35 seats in the North-West Legislative Assembly 18 seats were needed for a majority
|  | Majority party | Minority party |
|  |  | LIB |
| Leader | Frederick W. A. G. Haultain | Donald H. McDonald |
| Party | Liberal-Conservative | Liberal |
| Leader since | 1897 | 1902 |
| Leader's seat | Macleod | North Qu'Appelle |
| Last election | 7 | 2 |
| Seats won | 21 | 7 |
| Popular vote | 8,319 | 5,067 |
| Percentage | 47.8% | 29.1% |
| Premier before election Frederick W. A. G. Haultain Liberal-Conservative | Premier after election Frederick W. A. G. Haultain Liberal-Conservative |

= 1902 North-West Territories general election =

The 1902 North-West Territories general election, occurred on 21 May 1902 and was the fifth general election in the history of the North-West Territories, Canada. It was held to elect 35 Members of the Legislative Assembly of the North-West Territories.

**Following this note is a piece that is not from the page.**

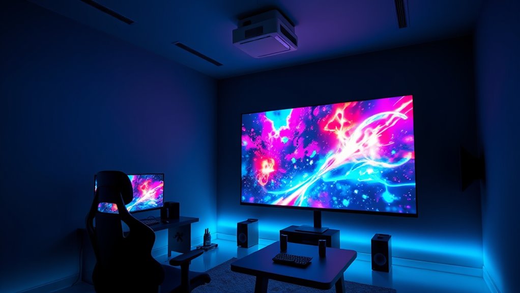 Refresh rates directly impact gaming performance by affecting how smooth the image appears. A higher refresh rate, like 120Hz or more, reduces motion blur and judder, making fast-paced action feel more fluid and responsive. Lower refresh rates can cause lag and choppy visuals, which might hinder your gameplay experience. So, when choosing a projector, I always look for one with a high refresh rate to enjoy seamless, immersive gaming sessions.

The Liberal-Conservatives led by incumbent North-West Territories Premier Frederick W. A. G. Haultain, received 8,319 votes, taking 21 of 35 seats. The North-West Territories Liberal Party under the leadership of Donald H. McDonaldr received 5,067 votes, and received 7 seats in the Legislative Assembly.

The main issue of the 1902 election was provincial autonomy for the North-West Territories. Political leaders across the North-West Territories had been pushing the federal Laurier Liberal government for provincial status for the Territories since 1896. Support for provincial autonomy was largely unanimous amongst all candidates, and most ran largely on a platform focused on the issue.

Candidates in this election were not nominated by the party in a contested nomination as with modern elections, but rather proclaimed their support for the governing party or opposition party, or Independent. During the election race some candidates shifted their alignment. The result was a confusing mess, and the bulk of candidates proclaimed support for the already governing Liberal-Conservative party, leaving the Liberals without candidates in many districts. Lethbridge ended up being contested by two government supporting candidates.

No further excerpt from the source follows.